The plaintiff alleges the following in her complaint. Prior to 1968, the seven defendant towns entered into an agreement to, and did, form the Gateway Regional School District (district) pursuant to G. L. c. 71, §§ 15-161 (1986 ed.). In 1968, Shaughnessy was employed as a teacher and guidance counsellor at Gateway Middle School. Prior to his employment by the district, Shaughnessy had been placed on probation for the assault and battery of a female student enrolled at a Connecticut school where Shaughnessy had been employed as a teacher and guidance counsellor.

From 1981 to 1983, the plaintiff was enrolled at Gateway Middle School. During that time, Shaughnessy met with the plaintiff on several occasions in his capacity as guidance counsellor and “did, without the lawful consent of the Plaintiff. . . inflict harm upon the person of the Plaintiff.” On November 15, 1983, Shaughnessy pied guilty in a Hampshire County District Court to indecent assault and battery of the plaintiff.

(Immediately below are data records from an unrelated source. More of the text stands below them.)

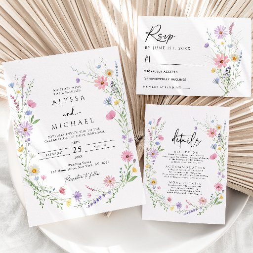 This romantic wildflower bridal shower invitation features soft, hand-painted watercolor florals arranged in an airy meadow design. Delicate pastel blooms and flowing greenery frame your details for a timeless, garden-inspired look that’s perfect for spring and summer bridal showers.
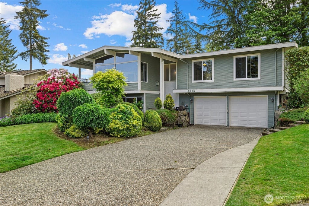 Tucked away on a quiet cul-de-sac in Bellevue’s sought-after Eastgate neighborhood, this beautifully updated home offers comfort and modern style. The light-filled living room features vaulted ceilings. Chef’s kitchen boasts SS appliances, Wolf gas range, soft-close cabinetry, Miele warming drawer, and tigerwood floors. Spacious primary suite with walk-in closet is your private retreat, complemented by an additional guest room.Lower level includes a soundproof media room, dual-pane windows, a bedroom, and a den—ideal for MIL rental. Fully fenced yard with deck is perfect for summer BBQs. New carpet, fresh interior paint, whole-home audio with built-in speakers. Top-rated Bellevue schools and easy access to I-90. Move-in ready!
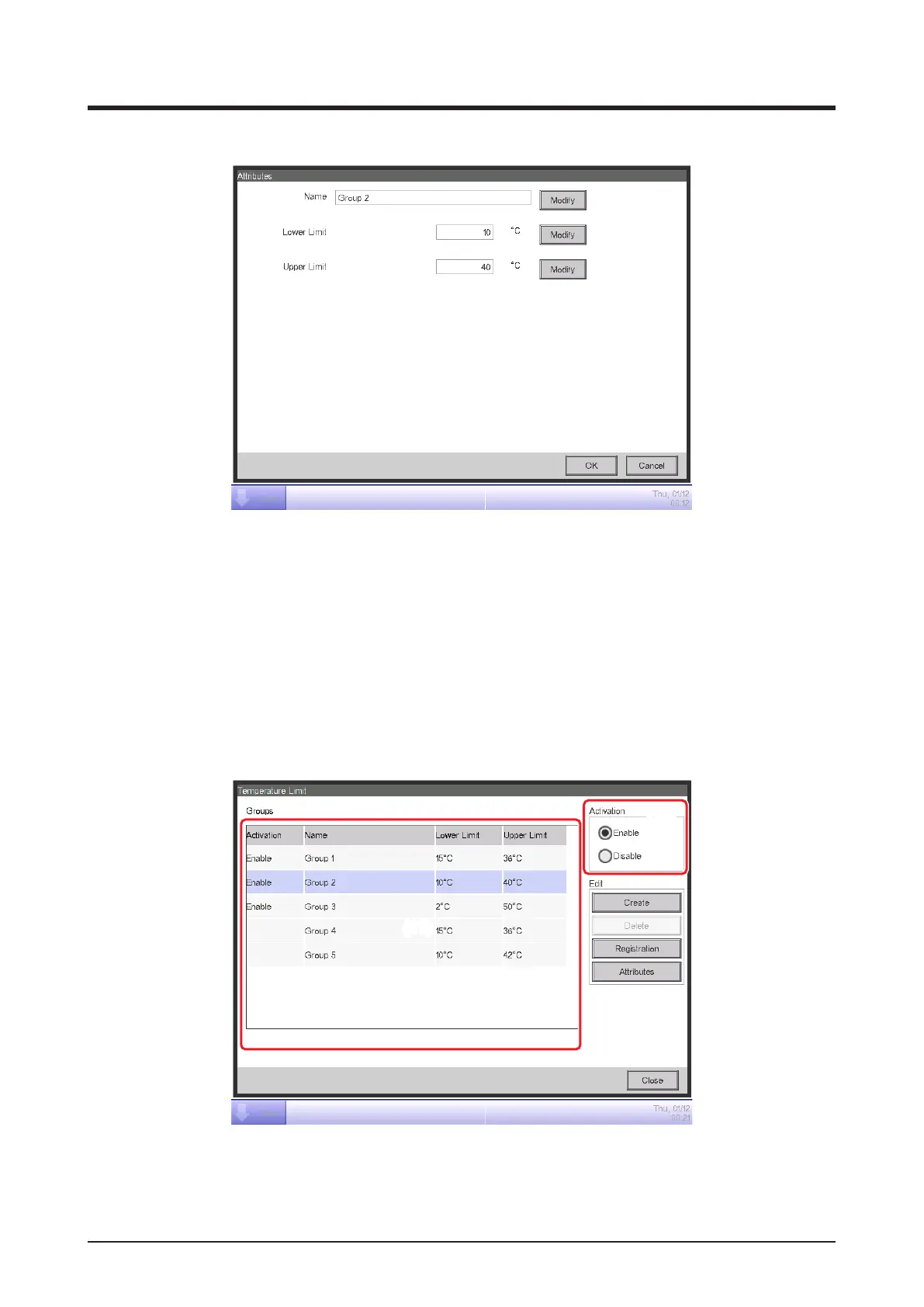 5. To enable the Temperature Limit function for the group selected in (11), select the Enable in the
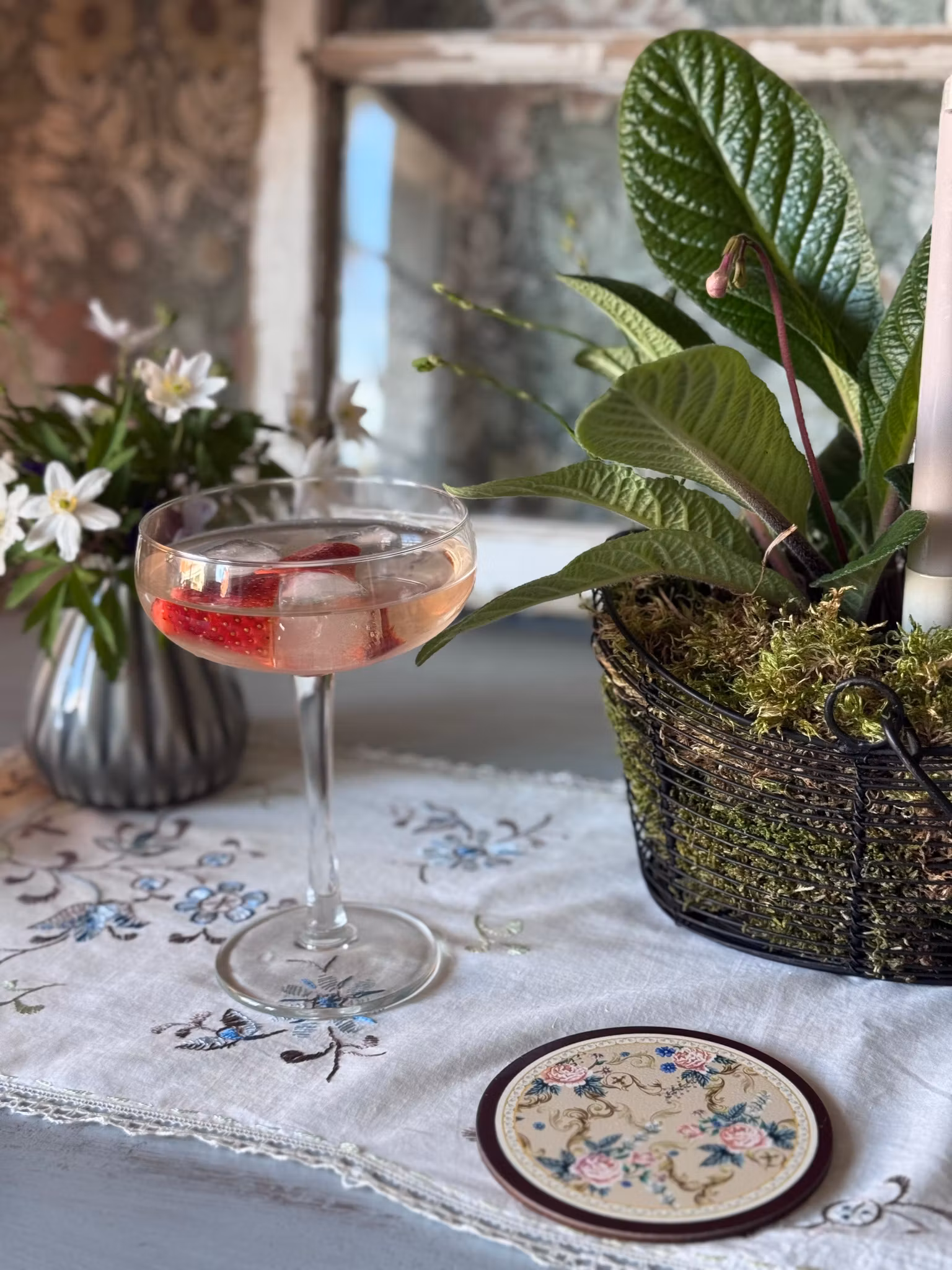 En vacker skir duk med en originell form. Tyget är tunt med vackra blommor i blått. Runt om pryds duken med en smal spetskant. Passar lilla bordet.
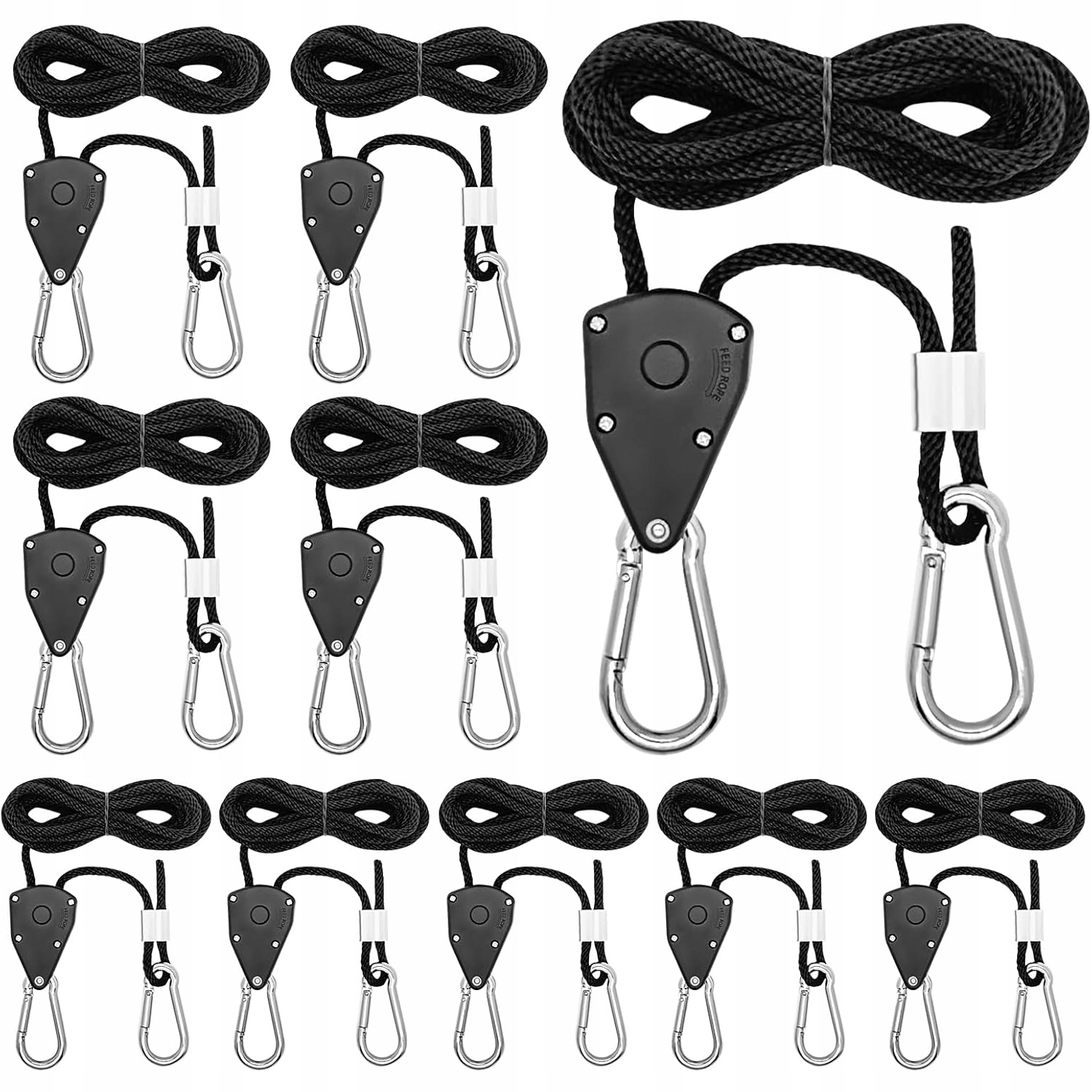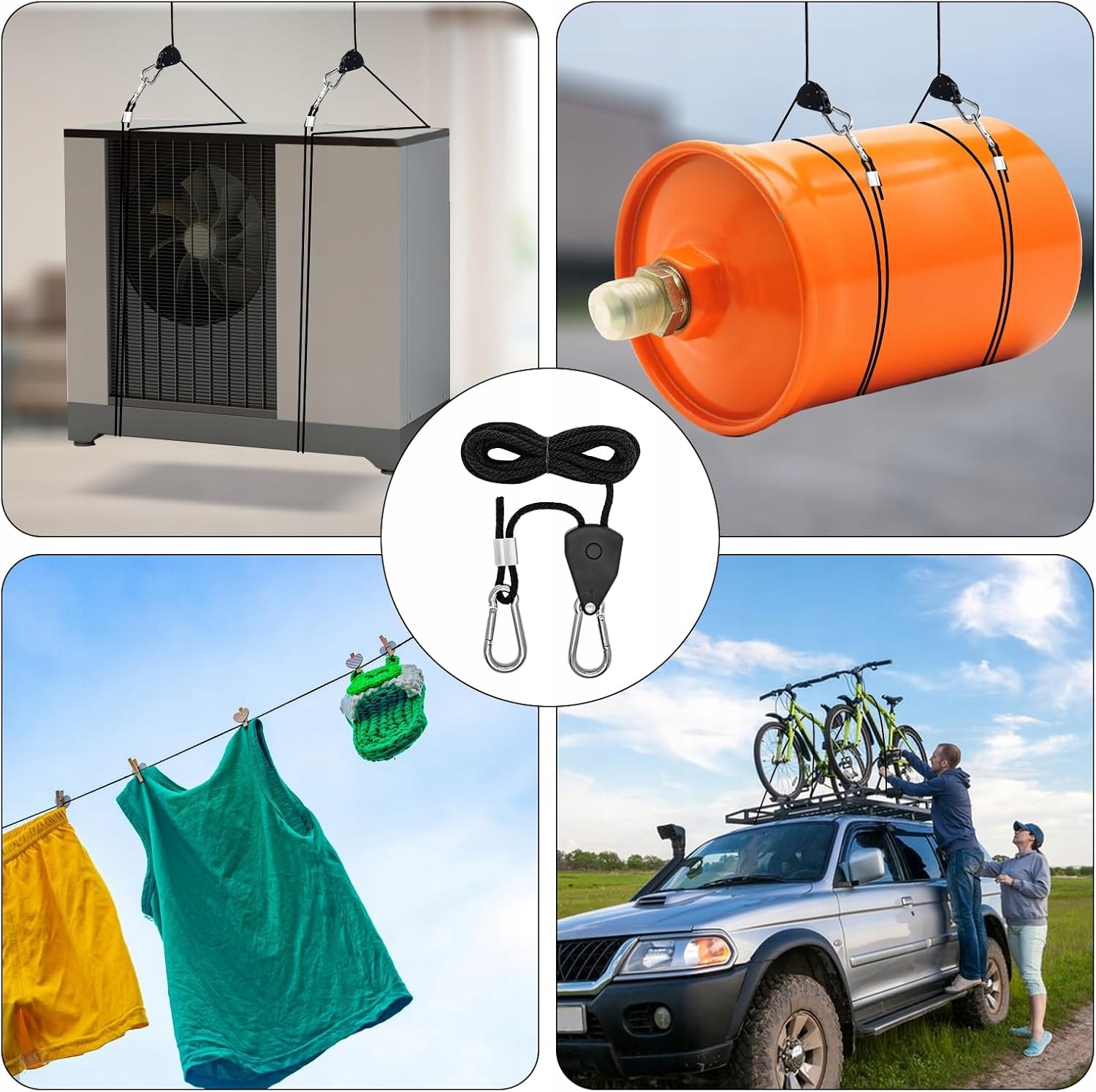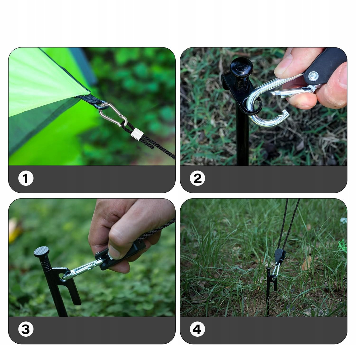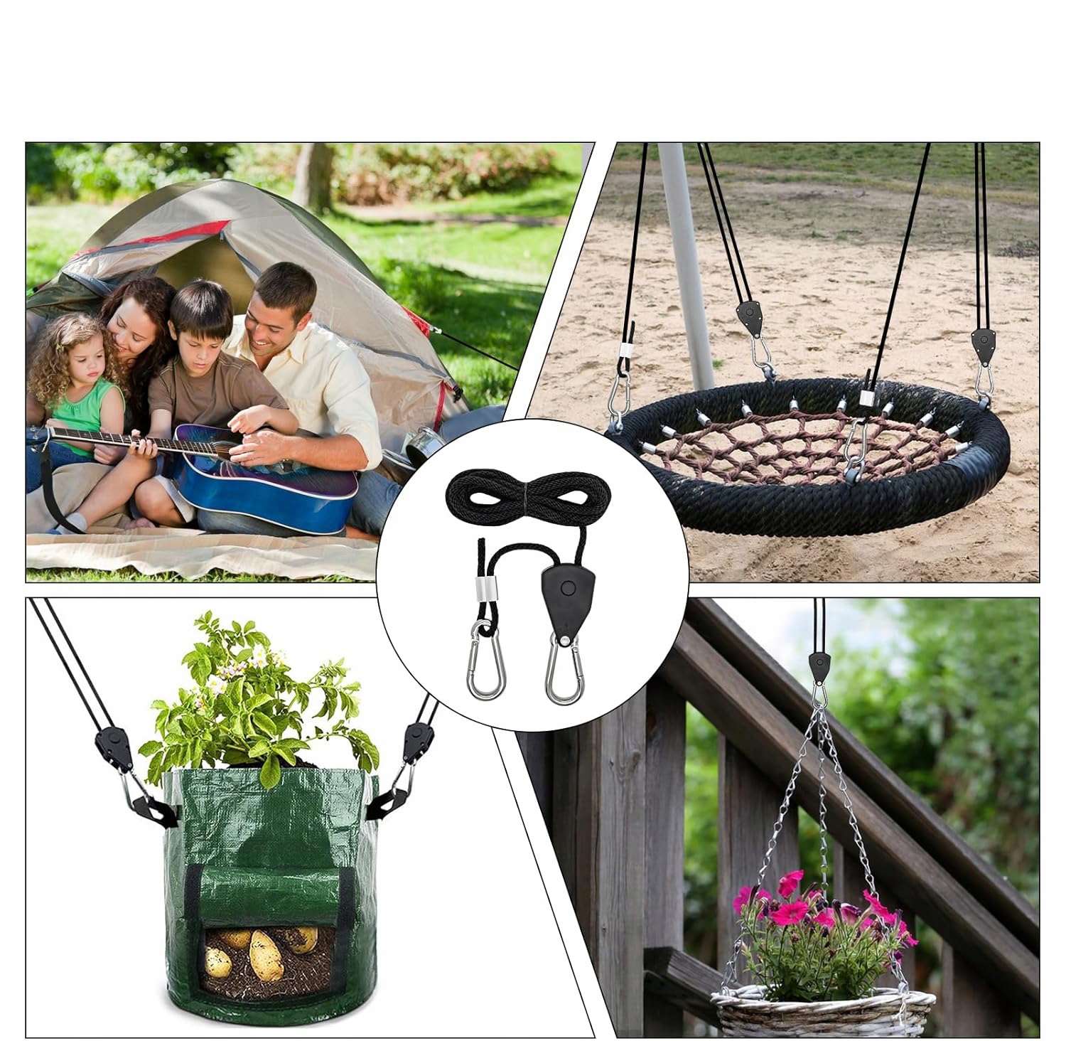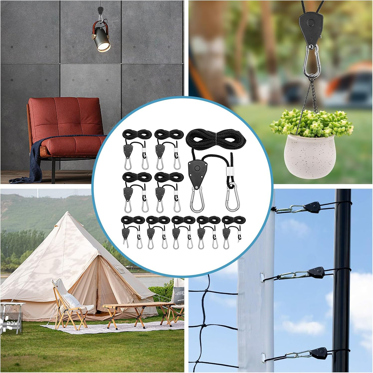 🏕 【Регулируемая】 защелка веревки с крючком имеет прочные металлические шестерни, которые позволяют быстро регулировать и блокировать веревку. Чтобы отрегулировать высоту подвесного объекта, просто потяните свободный конец веревки.

The first count of the plaintiff’s complaint alleges that the defendant towns, as public employers of public employees who were acting within the scope of their employment, the defendant school committee, and the individual defendants wrongfully and negligently failed to perform their duties by hiring Shaughnessy. The second count alleges that the same defendants wrongfully and negligently performed, or failed to perform, their duties by retaining Shaughnessy as an employee after receiving complaints from female pupils concerning improper conduct by Shaughnessy. The third count alleges that the defendants wrongfully and negligently performed, or failed to perform, their duties by failing adequately to control and to supervise Shaughnessy.

The defendant towns first contend that, if the plaintiff states a claim, it is against the district and not the seven towns which *834 created the district. General Laws c. 258, § 2, as amended by St. 1984, c. 279, § 1, provides in part: “Public employers shall be liable for injury or loss of property or personal injury or death caused by the negligent or wrongful act or omission of any public employee while acting within the scope of his office or employment.” According to the defendant towns, the district, not the towns, is the public employer, and thus the towns’ motions for summary judgment should have been granted. General Laws c. 258, § 1, as appearing in St. 1983, c. 537, defines public employer: “‘Public employer,’ the commonwealth and any county, city, town, educational collaborative, or district, including any public health district or joint district or regional health district or regional health board . . . which exercises direction and control over the public employee ...” (emphasis supplied).

The Gateway Regional School District comes within the meaning of the word “district.” The language in § 1 which follows district, “including any public health district or joint district or regional health district or regional health board,” is illustrative, not limiting. Regional school districts are established in much the same way as regional health districts. Compare G. L. c. 71, § 15, with G. L. c. Ill, § 27B (1986 ed.). Additionally, G. L. c. 71, § 16, provides that a regional school district is a “body politic and corporate” and may “sue and be sued” to the extent and on the same conditions that a town may sue or be sued. G. L. c. 71, § 16 (b). We do not accept the plaintiff’s argument that the district is the equivalent of a local school committee, which would make the towns the public employers by virtue of the last sentence of c. 258, § 1. 2 Had the Legislature intended regional school districts not to be public employers for the purposes of G. L. c. 258, but to be treated like a school committee of a city or town, it could have included language as to regional school districts in the last sentence of G. L. c. 258, § 1. It did not. Thus, we conclude *835 that the district is the public employer and the defendant towns’ motions for summary judgment should have been granted. 3

The individual defendants contend that, as public employees, G. L. c. 258, § 2, relieves them of any liability. The pertinent part of G. L. c. 258, § 2, provides: “ [N]o . . . public employee or the estate of such public employee shall be liable for any injury or loss of property or personal injury or death caused by his negligent or wrongful act or omission while acting within the scope of his office or employment . . . .”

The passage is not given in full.